EXERCISE:
The records that follow are to be copied word for word. Pictures should be omitted.

EXERCISE DATA:

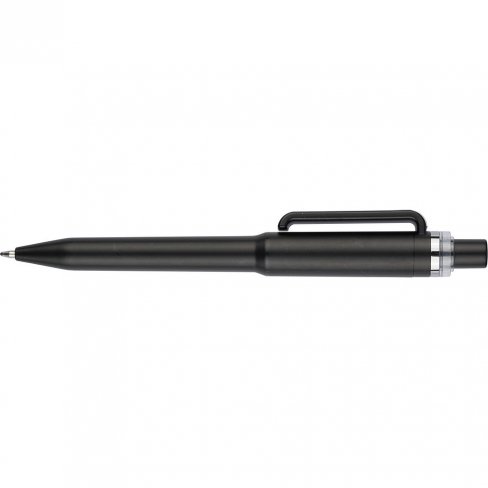 Długopis RABS, w kształcie kubka podróżnego, z metalicznym wykończeniem, wkład w niebieskim kolorze o długości pisania 800 metrów, mechanizm przyciskowy, ikona ABS z recyklingu, plastikowy przycisk, klips oraz chromowany plastikowy pierścień na górze
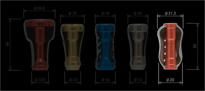 Livre Custom Reel Knob dimensions (as shown in the photo) are: 36mm in length, 20mm on the palm side and 21.3mm on the reel side.
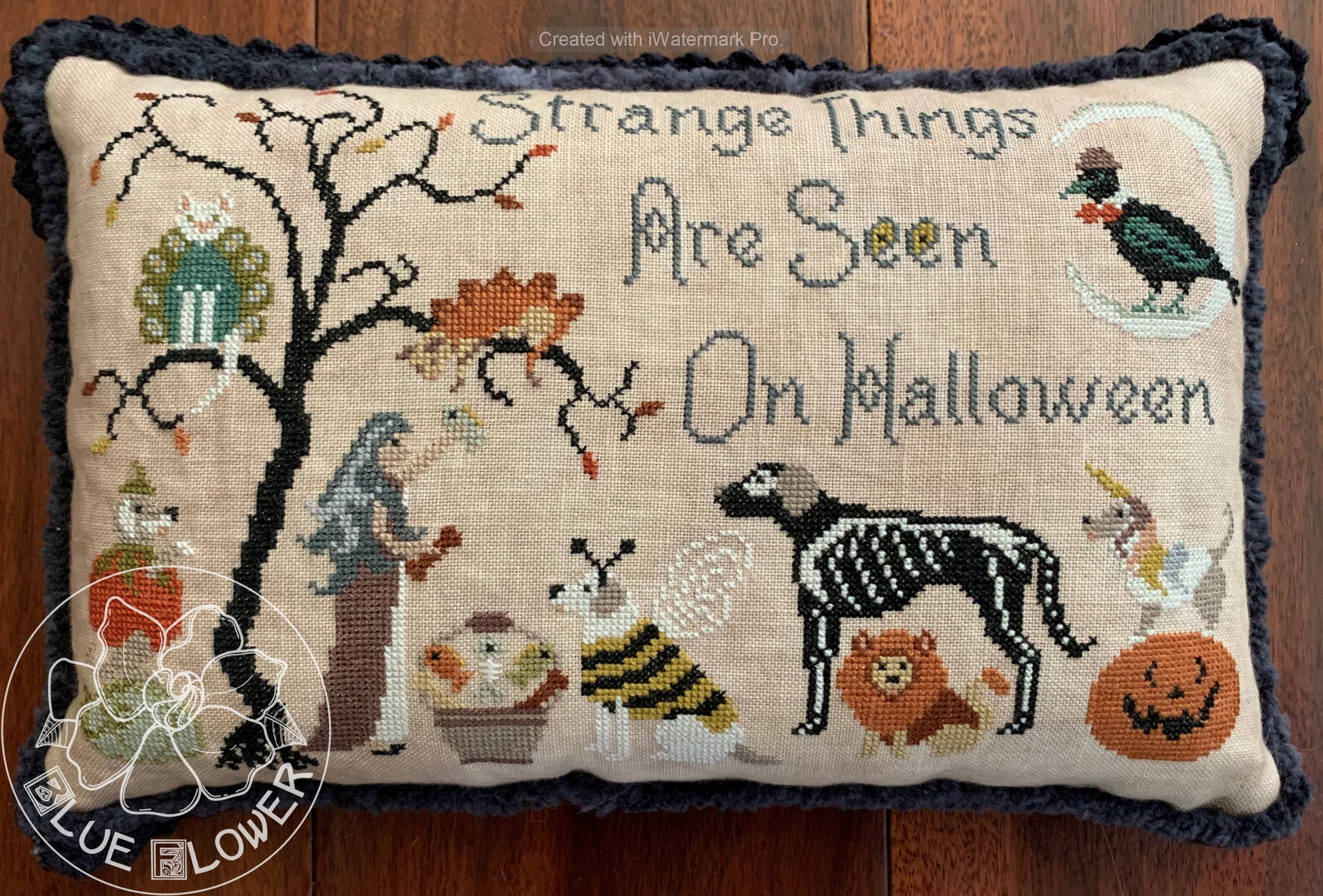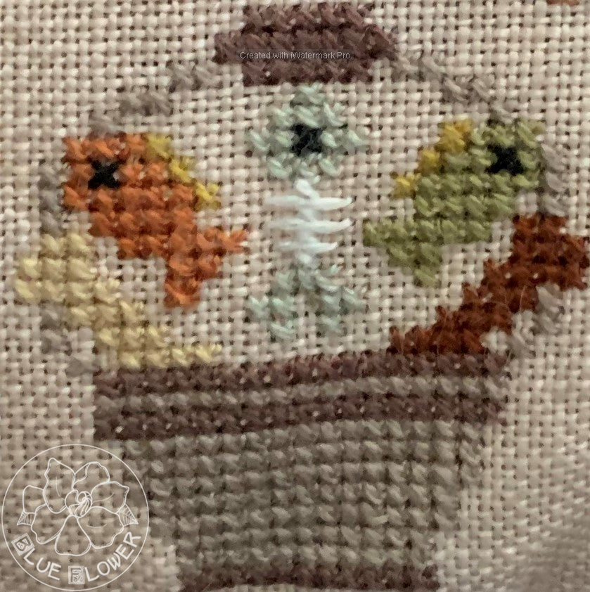 In designing this piece, I was imagining that our pets had gone out to trick or treat. They would receive dog bones and fish instead of candy, of course, and I had quite a bit of fun playing with the various costumes. The model is stitched on 40 count "Egyptian Sand" linen from Mountain Aire Fabrics. The stitch count is 183 wide x 120 high. The pillow is finished with "Mary Jane" lace and "Licorice" chenille trim, both by Lady Dot Creates. The model is stitched with DMC threads. This chart is available as a .pdf download, or from your local needlework shop.
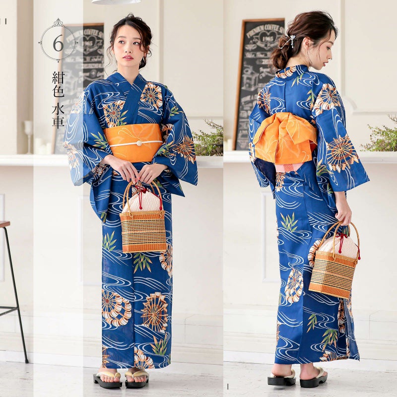 浴衣:濃い青色地に、水色の流水模様。水の流れの合間から、2種の水車と笹の葉が見えるのが涼しげ。水車の部分は白色とオレンジベージュに明るい茶色、ラインとところどころにからし色。笹の葉はオレンジベージュ色、一部に緑色がほんのりと。
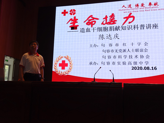 生命接力讲师团老师陈达庆为高一新生们开展了主题为“生命接力—造血干细胞捐献知识” 的科普讲座。
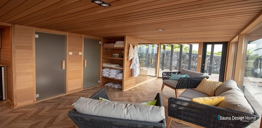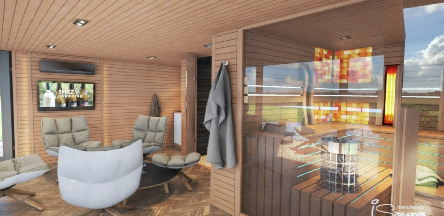 Kombinovaný saunový dom maximálne vyhovuje všetkým požiadavkám. Je v nej infrasauna, fínska sauna, parná sauna a himalájska soľná terapia. Okrem toho sú jeho súčasťou sprcha so šatňou, oddychový priestor, kuchynka s jedálňou, televízor a posuvné sklené dvere.

SOLUTION TO THE EXERCISE:
 Długopis RABS, w kształcie kubka podróżnego, z metalicznym wykończeniem, wkład w niebieskim kolorze o długości pisania 800 metrów, mechanizm przyciskowy, ikona ABS z recyklingu, plastikowy przycisk, klips oraz chromowany plastikowy pierścień na górze
 Livre Custom Reel Knob dimensions (as shown in the photo) are: 36mm in length, 20mm on the palm side and 21.3mm on the reel side.
 In designing this piece, I was imagining that our pets had gone out to trick or treat. They would receive dog bones and fish instead of candy, of course, and I had quite a bit of fun playing with the various costumes. The model is stitched on 40 count "Egyptian Sand" linen from Mountain Aire Fabrics. The stitch count is 183 wide x 120 high. The pillow is finished with "Mary Jane" lace and "Licorice" chenille trim, both by Lady Dot Creates. The model is stitched with DMC threads. This chart is available as a .pdf download, or from your local needlework shop.
 浴衣:濃い青色地に、水色の流水模様。水の流れの合間から、2種の水車と笹の葉が見えるのが涼しげ。水車の部分は白色とオレンジベージュに明るい茶色、ラインとところどころにからし色。笹の葉はオレンジベージュ色、一部に緑色がほんのりと。
 生命接力讲师团老师陈达庆为高一新生们开展了主题为“生命接力—造血干细胞捐献知识” 的科普讲座。
 Kombinovaný saunový dom maximálne vyhovuje všetkým požiadavkám. Je v nej infrasauna, fínska sauna, parná sauna a himalájska soľná terapia. Okrem toho sú jeho súčasťou sprcha so šatňou, oddychový priestor, kuchynka s jedálňou, televízor a posuvné sklené dvere.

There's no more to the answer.